Output the line containing "奇幻的360度多維水秀場,一" and each line after it through the end of the data, exactly as written, with pictures left out.

(Records from a data collection)
◇ ◇ ◇ ◇

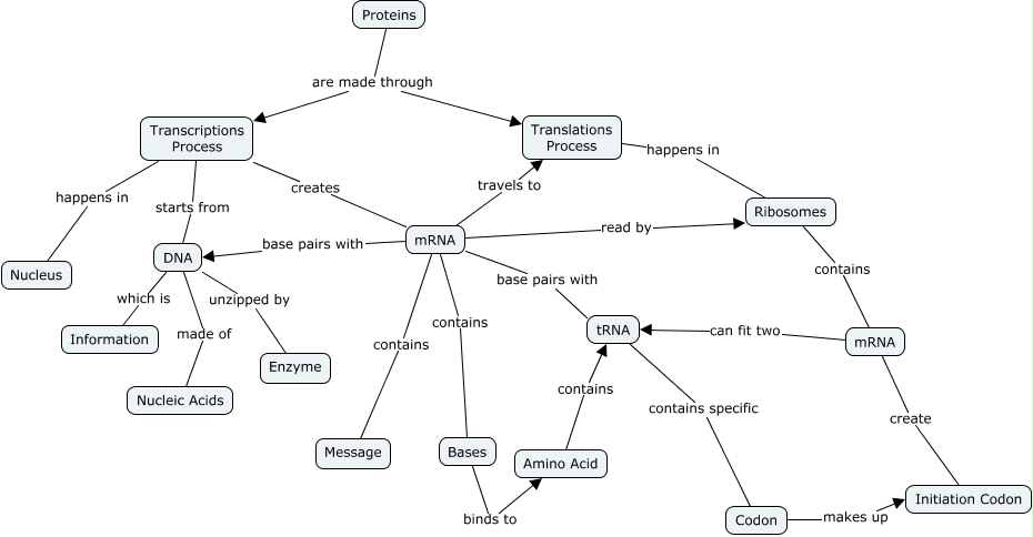 This Concept Map, created with IHMC CmapTools, has information related to: Protein Synthesis, mRNA base pairs with tRNA, DNA made of Nucleic Acids, mRNA read by Ribosomes, Proteins are made through Transcriptions Process, Amino Acid contains tRNA, Bases binds to Amino Acid, Ribosomes contains mRNA, mRNA base pairs with DNA, mRNA create Initiation Codon, DNA which is Information, mRNA contains Bases, Translations Process happens in Ribosomes, mRNA can fit two tRNA, Proteins are made through Translations Process, Transcriptions Process starts from DNA, mRNA contains Message, Transcriptions Process happens in Nucleus, tRNA contains specific Codon, DNA unzipped by Enzyme, mRNA travels to Translations Process
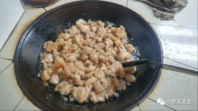 “油水不相融”锅中水分熬干之后剩下的就是猪油了,这个时候的油渣会出现有一些地方已经炸干了,还有一些地方圆润饱满,我们需要用勺子或者是铲子轻轻的压一下,这样里面的猪油就会渗出来。要不然不容易榨干。
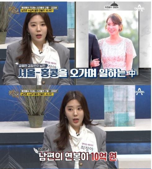이날 방송에 출연한 최정아 스포츠월드 기자는 김정은 남편에 대해 “서울 여의도에 있는 외국계 금융 투자사의 펀드 매니저로 서울과 홍콩을 오가며 일하고 있다”라며 “연봉이 10억원이라는 사실이 알려져 화제가 되기도 했다”고 전했다.
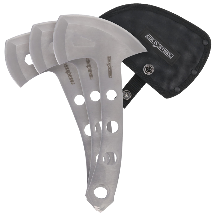 Cold Steel Throwing Axes set includes three versatile axes with 5" plain 420 stainless steel blades and a total length of 10". Designed for durability and precision, these reliable throwing tools come equipped with a nylon sheath for safe storage and transport, making them perfect for target practice or outdoor use.
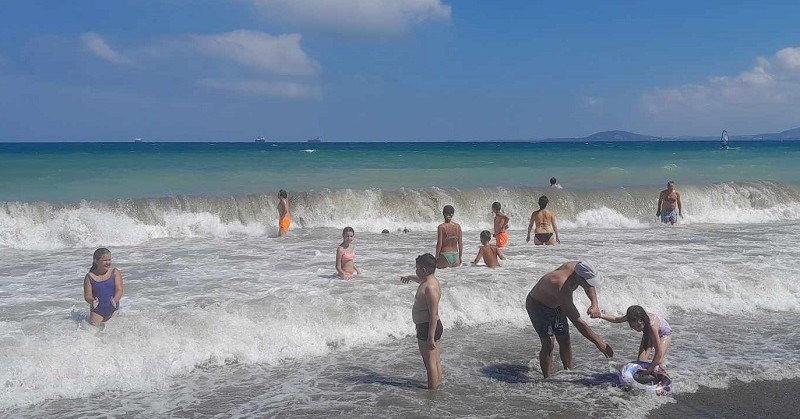 Въпреки предупреждението на спасителите, морето е пълно с хора. Във водата са най-вече деца, като повечето от тях са без родители.
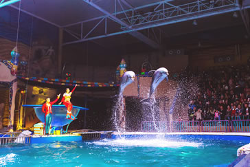奇幻的360度多維水秀場,一段白鯨、海豚的動情表演,一段王子、公主的浪漫愛情,與月光天使、海盜聯(lián)袂演繹真人版的“人魚童話”。多種藝術(shù)形式、多重情感體驗,國際化表演陣容,帶給游客夢幻動人的童話故事。
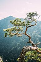 Een scheef gegroeide dennenboom op de Sokolica bergtop in de Pieniny bergen in Polen

◇ ◇ ◇ ◇

Result:
奇幻的360度多維水秀場,一段白鯨、海豚的動情表演,一段王子、公主的浪漫愛情,與月光天使、海盜聯(lián)袂演繹真人版的“人魚童話”。多種藝術(shù)形式、多重情感體驗,國際化表演陣容,帶給游客夢幻動人的童話故事。
 Een scheef gegroeide dennenboom op de Sokolica bergtop in de Pieniny bergen in Polen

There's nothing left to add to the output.